= Instructions to follow =
First find the line with "Současné trendy nadčasovým", then reproduce it and all following lines of the data to the end, exactly and with no pictures, adding nothing.

= Data below =
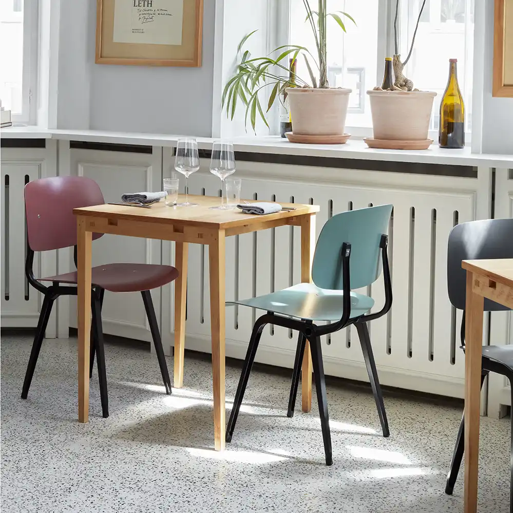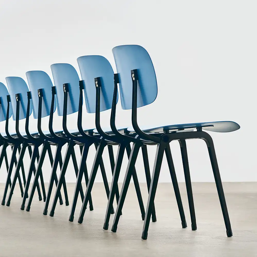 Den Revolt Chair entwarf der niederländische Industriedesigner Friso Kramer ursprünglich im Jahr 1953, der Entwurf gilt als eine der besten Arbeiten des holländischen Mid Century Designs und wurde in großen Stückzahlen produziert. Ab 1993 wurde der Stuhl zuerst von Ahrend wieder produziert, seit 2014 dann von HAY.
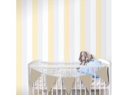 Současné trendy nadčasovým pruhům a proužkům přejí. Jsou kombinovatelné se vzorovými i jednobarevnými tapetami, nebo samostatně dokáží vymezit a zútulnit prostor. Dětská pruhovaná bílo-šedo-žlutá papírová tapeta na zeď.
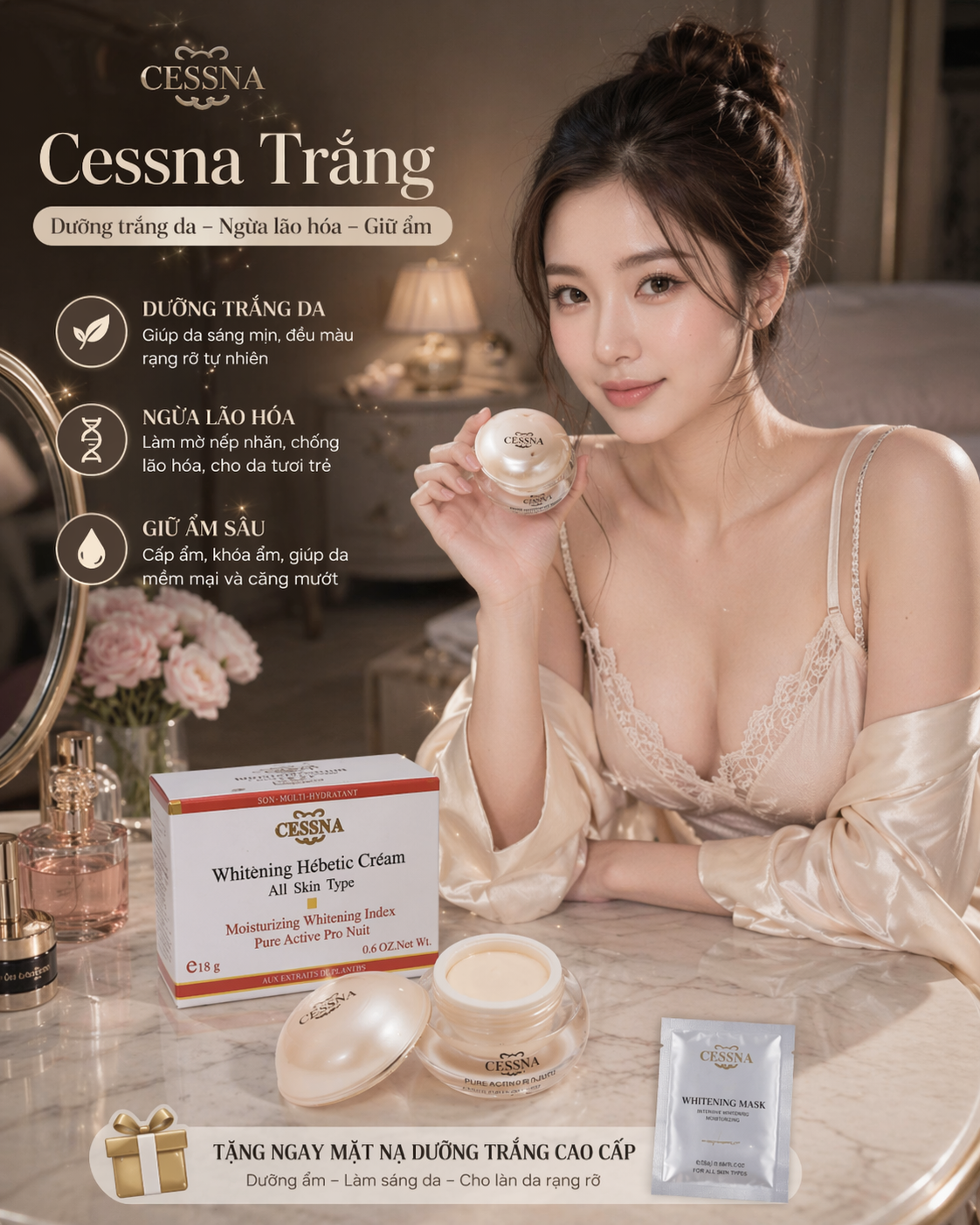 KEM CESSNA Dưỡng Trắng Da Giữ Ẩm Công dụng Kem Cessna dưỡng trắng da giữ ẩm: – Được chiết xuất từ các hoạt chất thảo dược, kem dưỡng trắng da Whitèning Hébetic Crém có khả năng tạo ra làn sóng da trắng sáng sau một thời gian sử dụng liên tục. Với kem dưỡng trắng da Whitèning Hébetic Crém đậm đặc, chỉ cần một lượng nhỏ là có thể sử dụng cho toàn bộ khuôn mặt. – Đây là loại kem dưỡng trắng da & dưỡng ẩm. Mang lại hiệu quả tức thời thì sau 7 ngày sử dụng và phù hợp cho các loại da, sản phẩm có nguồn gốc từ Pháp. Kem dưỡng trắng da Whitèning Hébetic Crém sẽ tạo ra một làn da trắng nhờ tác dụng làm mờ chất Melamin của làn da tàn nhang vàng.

= Result of this task =
 Současné trendy nadčasovým pruhům a proužkům přejí. Jsou kombinovatelné se vzorovými i jednobarevnými tapetami, nebo samostatně dokáží vymezit a zútulnit prostor. Dětská pruhovaná bílo-šedo-žlutá papírová tapeta na zeď.
 KEM CESSNA Dưỡng Trắng Da Giữ Ẩm Công dụng Kem Cessna dưỡng trắng da giữ ẩm: – Được chiết xuất từ các hoạt chất thảo dược, kem dưỡng trắng da Whitèning Hébetic Crém có khả năng tạo ra làn sóng da trắng sáng sau một thời gian sử dụng liên tục. Với kem dưỡng trắng da Whitèning Hébetic Crém đậm đặc, chỉ cần một lượng nhỏ là có thể sử dụng cho toàn bộ khuôn mặt. – Đây là loại kem dưỡng trắng da & dưỡng ẩm. Mang lại hiệu quả tức thời thì sau 7 ngày sử dụng và phù hợp cho các loại da, sản phẩm có nguồn gốc từ Pháp. Kem dưỡng trắng da Whitèning Hébetic Crém sẽ tạo ra một làn da trắng nhờ tác dụng làm mờ chất Melamin của làn da tàn nhang vàng.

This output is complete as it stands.